## YOUR INSTRUCTIONS
Wherever the line with "スポーティなデザインをとり入" sits in the listing below, transcribe from it up to and including the line with "作为一名开发人员,每天英高都", exactly, and leave the remaining lines out.

## DATA FOR THIS EXERCISE
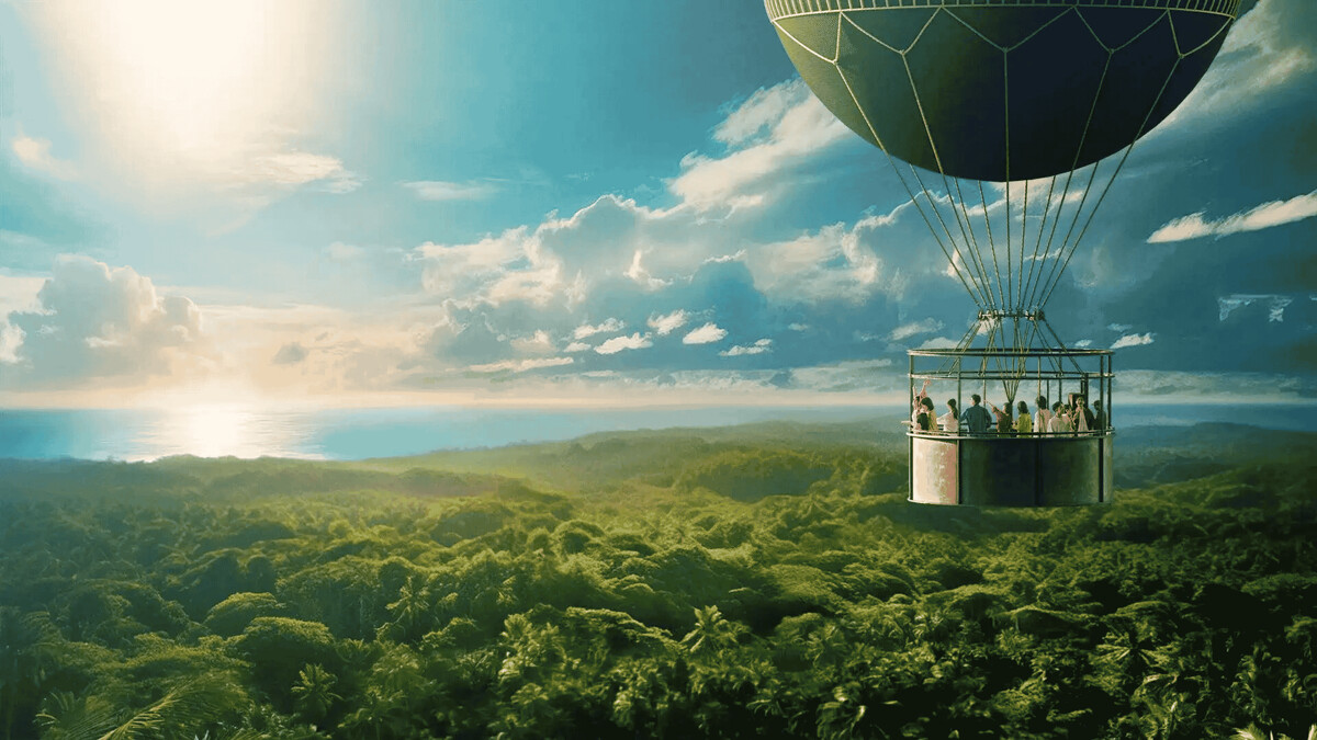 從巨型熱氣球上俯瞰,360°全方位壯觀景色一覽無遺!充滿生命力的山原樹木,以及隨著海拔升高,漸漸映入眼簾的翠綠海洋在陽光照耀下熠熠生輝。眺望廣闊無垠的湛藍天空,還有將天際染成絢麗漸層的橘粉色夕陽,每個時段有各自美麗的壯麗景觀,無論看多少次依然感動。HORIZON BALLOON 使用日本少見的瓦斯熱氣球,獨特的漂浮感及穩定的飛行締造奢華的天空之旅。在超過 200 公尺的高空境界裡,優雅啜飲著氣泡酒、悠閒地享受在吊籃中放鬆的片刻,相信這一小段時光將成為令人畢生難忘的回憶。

==

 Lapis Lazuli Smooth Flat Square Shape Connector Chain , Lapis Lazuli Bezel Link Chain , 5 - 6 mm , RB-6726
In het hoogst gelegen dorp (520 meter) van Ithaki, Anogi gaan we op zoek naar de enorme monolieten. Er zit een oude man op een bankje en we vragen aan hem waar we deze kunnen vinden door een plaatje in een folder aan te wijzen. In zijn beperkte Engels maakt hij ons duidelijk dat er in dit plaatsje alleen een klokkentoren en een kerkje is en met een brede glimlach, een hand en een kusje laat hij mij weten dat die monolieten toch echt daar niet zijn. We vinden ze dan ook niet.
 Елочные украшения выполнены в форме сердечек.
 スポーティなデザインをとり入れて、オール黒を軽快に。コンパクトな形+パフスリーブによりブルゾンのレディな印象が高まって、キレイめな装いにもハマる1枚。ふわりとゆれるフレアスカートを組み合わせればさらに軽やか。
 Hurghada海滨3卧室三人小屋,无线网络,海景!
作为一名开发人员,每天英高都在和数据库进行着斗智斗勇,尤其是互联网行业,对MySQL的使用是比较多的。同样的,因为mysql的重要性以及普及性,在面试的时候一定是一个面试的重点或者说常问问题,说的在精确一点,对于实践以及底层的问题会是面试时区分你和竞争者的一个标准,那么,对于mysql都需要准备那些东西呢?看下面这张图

## EXPECTED ANSWER
 スポーティなデザインをとり入れて、オール黒を軽快に。コンパクトな形+パフスリーブによりブルゾンのレディな印象が高まって、キレイめな装いにもハマる1枚。ふわりとゆれるフレアスカートを組み合わせればさらに軽やか。
 Hurghada海滨3卧室三人小屋,无线网络,海景!
作为一名开发人员,每天英高都在和数据库进行着斗智斗勇,尤其是互联网行业,对MySQL的使用是比较多的。同样的,因为mysql的重要性以及普及性,在面试的时候一定是一个面试的重点或者说常问问题,说的在精确一点,对于实践以及底层的问题会是面试时区分你和竞争者的一个标准,那么,对于mysql都需要准备那些东西呢?看下面这张图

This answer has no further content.